Write each line out exactly, from the one containing "Chiều 26/6 theo" through the final line of the data, and keep pictures out of the copy.

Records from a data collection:
======
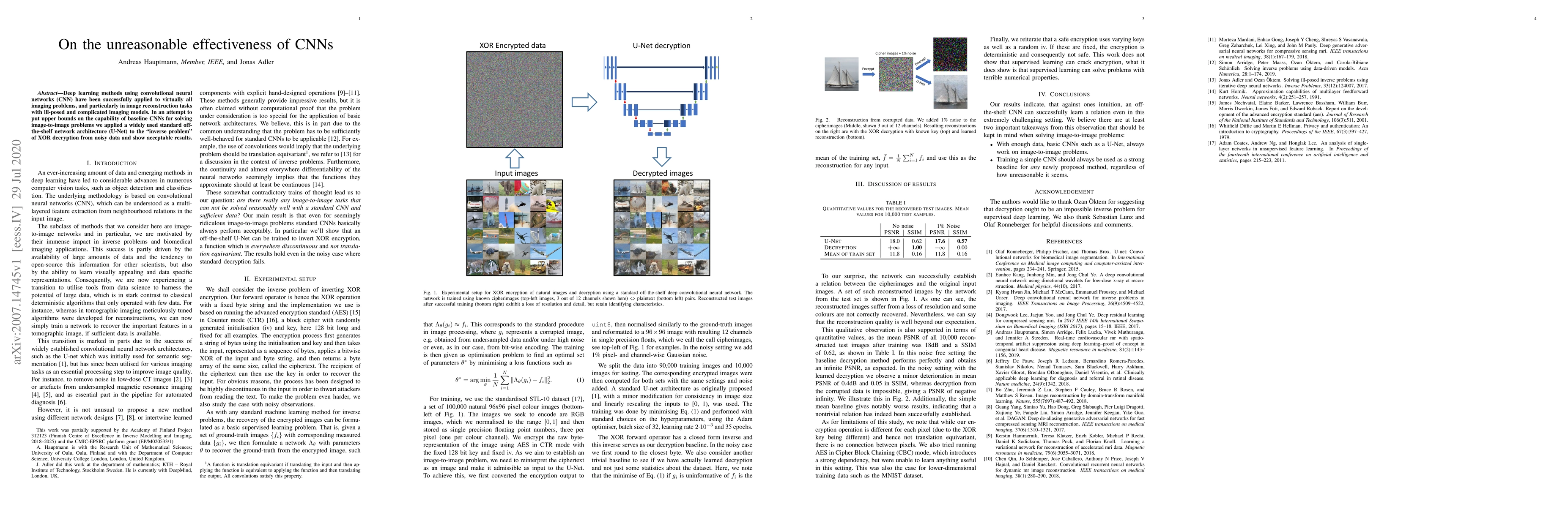 Deep learning methods using convolutional neural networks (CNN) have been successfully applied to virtually all imaging problems, and particularly in image reconstruction tasks with ill-posed and complicated imaging models. In an attempt to put upper bounds on the capability of baseline CNNs for solving image-to-image problems we applied a widely used standard off-the-shelf network architecture (U-Net) to the "inverse problem" of XOR decryption from noisy data and show acceptable results.
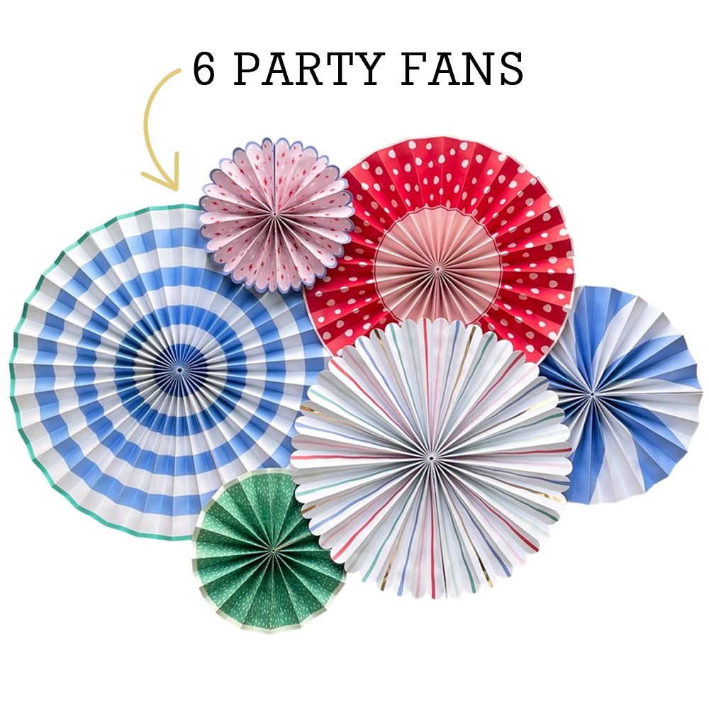 * Celebration Paper Party Fans: 6 Qty (Double Sided with 1 – 17″, 2 -14″, 2 – 11″ and 1 – 8″ fan)
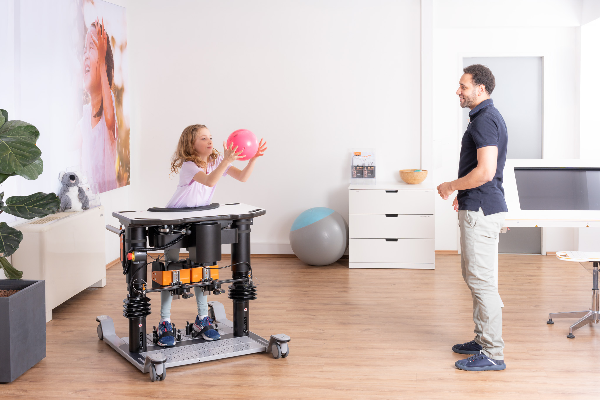 Elvis ist ein Steh- und Balance-Therapiesystem für die sichere Vertikalisierung, das Training der posturalen Kontrolle und die Frühmobilisation in der modernen klinischen Rehabilitation.
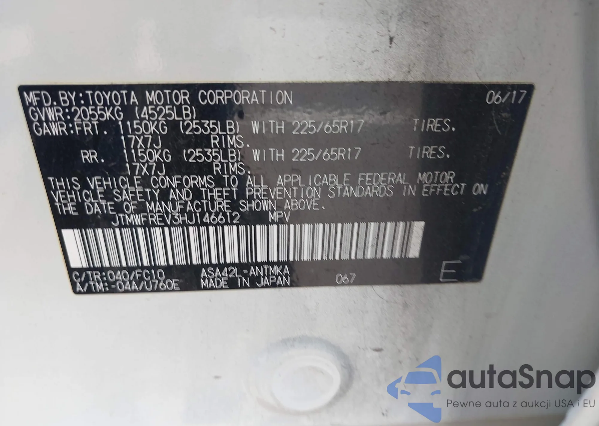 LOT: 42448306 VIN: JTMWFREV3HJ146612
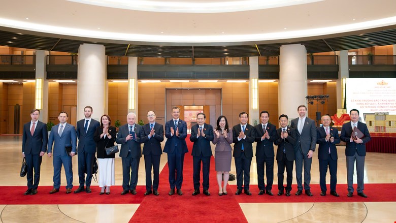 Chiều 26/6 theo giờ địa phương, trong khuôn khổ chuyến thăm chính thức Hungary, tại Thủ đô Budapest, Chủ tịch Quốc hội Vương Đình Huệ và Đoàn đại biểu cấp cao Quốc hội Việt Nam đã đến thăm Đại sứ quán Việt Nam và gặp gỡ cộng đồng người Việt Nam tại Hungary.
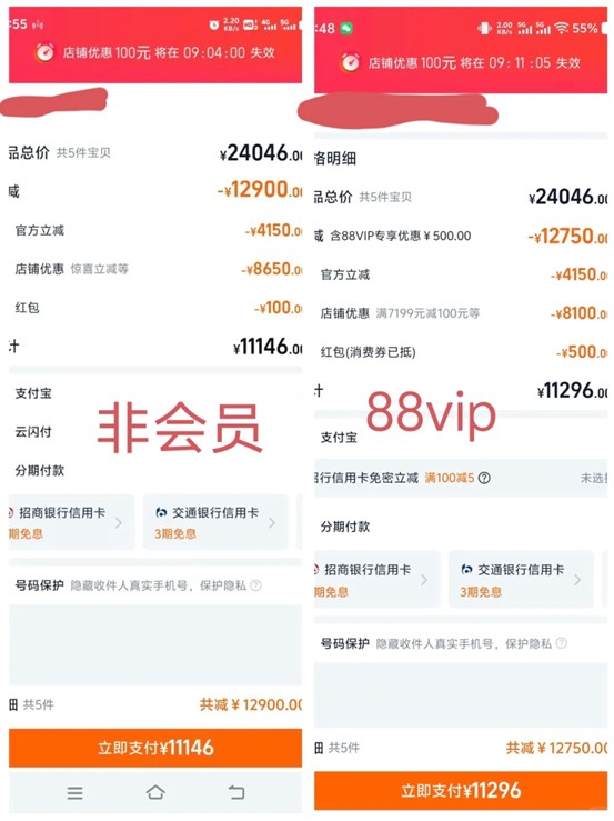在小紅書上,一位88VIP會員分享了自己購買經歷。他看中了幾款產品,同個時間段,東西鏈接一樣,88VIP的賬號顯示的總額是11296元。然而,非會員賬號的店鋪優惠卻更優惠,算下來到手價只需11146 元,比他這個88VIP會員便宜了150元。“以前覺得88VIP很划算,現在感覺被狠狠套路了,以後真得好好比價。”他無奈地説道。
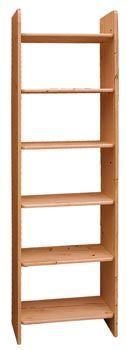 Regał wykonany jest z drewna sosnowego, lakierowany dwukrotnie półmatowym wodnym lakierem bezbarwnym metodą natryskową,
======
TASK ANSWER -
 Chiều 26/6 theo giờ địa phương, trong khuôn khổ chuyến thăm chính thức Hungary, tại Thủ đô Budapest, Chủ tịch Quốc hội Vương Đình Huệ và Đoàn đại biểu cấp cao Quốc hội Việt Nam đã đến thăm Đại sứ quán Việt Nam và gặp gỡ cộng đồng người Việt Nam tại Hungary.
在小紅書上,一位88VIP會員分享了自己購買經歷。他看中了幾款產品,同個時間段,東西鏈接一樣,88VIP的賬號顯示的總額是11296元。然而,非會員賬號的店鋪優惠卻更優惠,算下來到手價只需11146 元,比他這個88VIP會員便宜了150元。“以前覺得88VIP很划算,現在感覺被狠狠套路了,以後真得好好比價。”他無奈地説道。
 Regał wykonany jest z drewna sosnowego, lakierowany dwukrotnie półmatowym wodnym lakierem bezbarwnym metodą natryskową,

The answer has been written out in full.